__Problem to solve__
Output all of the data below without changing a word, and exclude the pictures.

__Information provided__
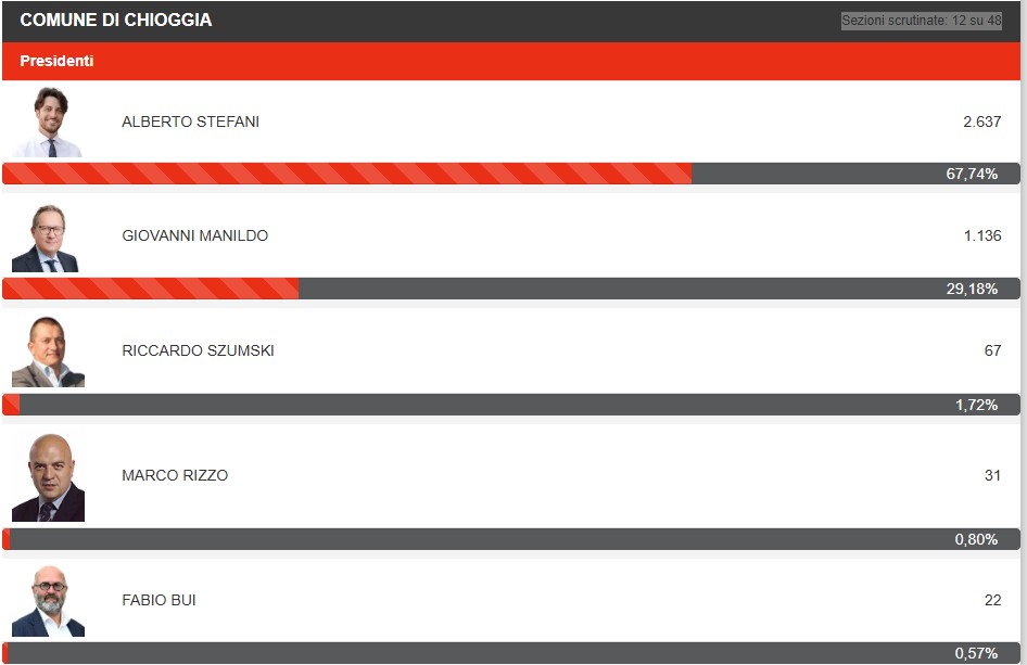 Sul fronte dello scrutinio, ancora in corso, sono state scrutinate 12 sezioni su 48. Il quadro che emerge per ora vede in netto vantaggio Alberto Stefani, che guida con un 67,74% dei consensi. Segue Giovanni Manildo con il 29,18%. Più distaccati gli altri candidati: Riccardo Szumski al 1,72%, Marco Rizzo allo 0,80% e Fabio Bui allo 0,57%.
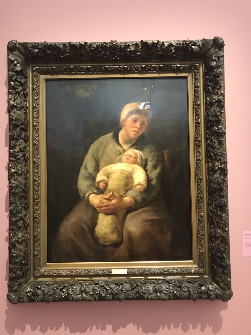 La profonde imprégnation de sa pensée par la religion se lit ainsi dans nombre de ses oeuvres dont la série des femmes apprenant à tricoter ou à lire à leur petite fille, dans une posture qui rappelle sainte Anne éduquant la Vierge, et celle des maternités si proches des Vierges à l’Enfant de son enfance.
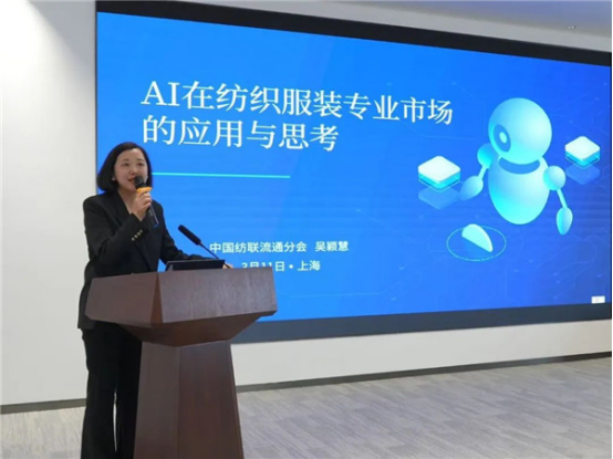 中國紡聯(lián)流通分會會長助理吳穎慧做了關(guān)于“AI在紡織服裝專業(yè)市場的應(yīng)用與思考”的主題分享。吳穎慧從紡織服裝專業(yè)市場應(yīng)用AI的重要性和必要性的角度出發(fā),并緊緊圍繞紡織服裝專業(yè)市場不同的應(yīng)用場景,運(yùn)用大量案例,深入淺出地分析了專業(yè)市場應(yīng)如何利用人工智能提升市場商圈、企業(yè)商戶運(yùn)營服務(wù)效率的方法和路徑。
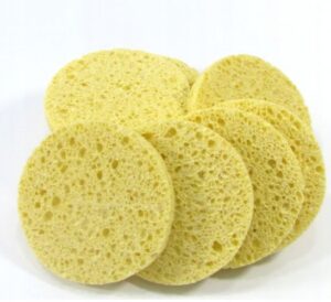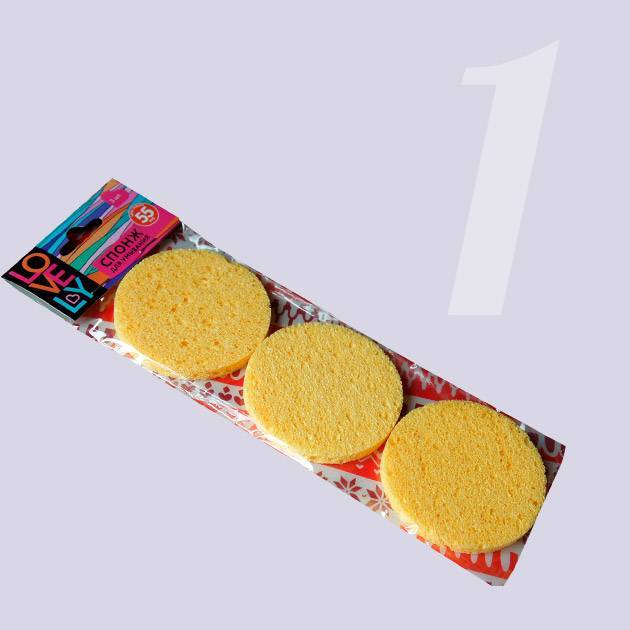 Самый популярный вариант — целлюлозные спонжи. Они выполнены из натурального растительного сырья, имеют выраженную пористую структуру. В сухом виде это довольно жесткая губка, которую нужно тщательно намочить теплой водой, затем нанести капельку очищающего средства. Спонж набухает, становится мягким и гибким. Он очень хорошо очищает кожу, нисколько при этом не травмируя.

__Solved exercise__
 Sul fronte dello scrutinio, ancora in corso, sono state scrutinate 12 sezioni su 48. Il quadro che emerge per ora vede in netto vantaggio Alberto Stefani, che guida con un 67,74% dei consensi. Segue Giovanni Manildo con il 29,18%. Più distaccati gli altri candidati: Riccardo Szumski al 1,72%, Marco Rizzo allo 0,80% e Fabio Bui allo 0,57%.
 La profonde imprégnation de sa pensée par la religion se lit ainsi dans nombre de ses oeuvres dont la série des femmes apprenant à tricoter ou à lire à leur petite fille, dans une posture qui rappelle sainte Anne éduquant la Vierge, et celle des maternités si proches des Vierges à l’Enfant de son enfance.
 中國紡聯(lián)流通分會會長助理吳穎慧做了關(guān)于“AI在紡織服裝專業(yè)市場的應(yīng)用與思考”的主題分享。吳穎慧從紡織服裝專業(yè)市場應(yīng)用AI的重要性和必要性的角度出發(fā),并緊緊圍繞紡織服裝專業(yè)市場不同的應(yīng)用場景,運(yùn)用大量案例,深入淺出地分析了專業(yè)市場應(yīng)如何利用人工智能提升市場商圈、企業(yè)商戶運(yùn)營服務(wù)效率的方法和路徑。
 Самый популярный вариант — целлюлозные спонжи. Они выполнены из натурального растительного сырья, имеют выраженную пористую структуру. В сухом виде это довольно жесткая губка, которую нужно тщательно намочить теплой водой, затем нанести капельку очищающего средства. Спонж набухает, становится мягким и гибким. Он очень хорошо очищает кожу, нисколько при этом не травмируя.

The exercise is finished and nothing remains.